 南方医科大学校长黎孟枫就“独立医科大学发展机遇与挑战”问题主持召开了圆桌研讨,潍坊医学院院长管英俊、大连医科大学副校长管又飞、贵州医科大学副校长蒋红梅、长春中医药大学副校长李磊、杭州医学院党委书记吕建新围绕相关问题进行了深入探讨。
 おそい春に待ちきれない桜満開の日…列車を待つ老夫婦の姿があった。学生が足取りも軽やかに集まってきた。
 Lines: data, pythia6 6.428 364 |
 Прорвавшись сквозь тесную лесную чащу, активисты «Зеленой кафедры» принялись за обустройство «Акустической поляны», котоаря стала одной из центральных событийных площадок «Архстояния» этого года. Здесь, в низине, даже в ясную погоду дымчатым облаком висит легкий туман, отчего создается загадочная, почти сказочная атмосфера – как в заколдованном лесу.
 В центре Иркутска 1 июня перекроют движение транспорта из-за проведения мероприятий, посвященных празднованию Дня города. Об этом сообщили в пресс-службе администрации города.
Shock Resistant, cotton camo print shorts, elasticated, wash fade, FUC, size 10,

...

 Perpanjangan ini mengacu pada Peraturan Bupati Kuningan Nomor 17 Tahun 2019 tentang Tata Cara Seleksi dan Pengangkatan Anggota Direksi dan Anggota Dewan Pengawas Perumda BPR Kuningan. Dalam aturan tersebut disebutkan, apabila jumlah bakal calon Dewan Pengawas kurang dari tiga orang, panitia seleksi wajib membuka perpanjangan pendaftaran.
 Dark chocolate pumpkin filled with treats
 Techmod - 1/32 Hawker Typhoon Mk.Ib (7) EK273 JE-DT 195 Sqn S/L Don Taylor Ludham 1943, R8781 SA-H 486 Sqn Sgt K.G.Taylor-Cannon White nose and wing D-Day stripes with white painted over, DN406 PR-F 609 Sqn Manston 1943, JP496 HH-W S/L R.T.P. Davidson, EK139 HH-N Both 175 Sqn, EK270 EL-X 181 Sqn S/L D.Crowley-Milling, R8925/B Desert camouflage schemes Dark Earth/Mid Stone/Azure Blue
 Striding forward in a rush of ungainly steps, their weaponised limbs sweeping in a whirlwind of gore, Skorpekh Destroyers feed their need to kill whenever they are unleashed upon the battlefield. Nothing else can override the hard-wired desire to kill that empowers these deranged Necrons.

> [Directions for this task]:
Among the records above, repeat exactly the line with "Perpanjangan ini mengacu", the line with "Striding forward in", and every line in between, and only those.

> [Output]:
 Perpanjangan ini mengacu pada Peraturan Bupati Kuningan Nomor 17 Tahun 2019 tentang Tata Cara Seleksi dan Pengangkatan Anggota Direksi dan Anggota Dewan Pengawas Perumda BPR Kuningan. Dalam aturan tersebut disebutkan, apabila jumlah bakal calon Dewan Pengawas kurang dari tiga orang, panitia seleksi wajib membuka perpanjangan pendaftaran.
 Dark chocolate pumpkin filled with treats
 Techmod - 1/32 Hawker Typhoon Mk.Ib (7) EK273 JE-DT 195 Sqn S/L Don Taylor Ludham 1943, R8781 SA-H 486 Sqn Sgt K.G.Taylor-Cannon White nose and wing D-Day stripes with white painted over, DN406 PR-F 609 Sqn Manston 1943, JP496 HH-W S/L R.T.P. Davidson, EK139 HH-N Both 175 Sqn, EK270 EL-X 181 Sqn S/L D.Crowley-Milling, R8925/B Desert camouflage schemes Dark Earth/Mid Stone/Azure Blue
 Striding forward in a rush of ungainly steps, their weaponised limbs sweeping in a whirlwind of gore, Skorpekh Destroyers feed their need to kill whenever they are unleashed upon the battlefield. Nothing else can override the hard-wired desire to kill that empowers these deranged Necrons.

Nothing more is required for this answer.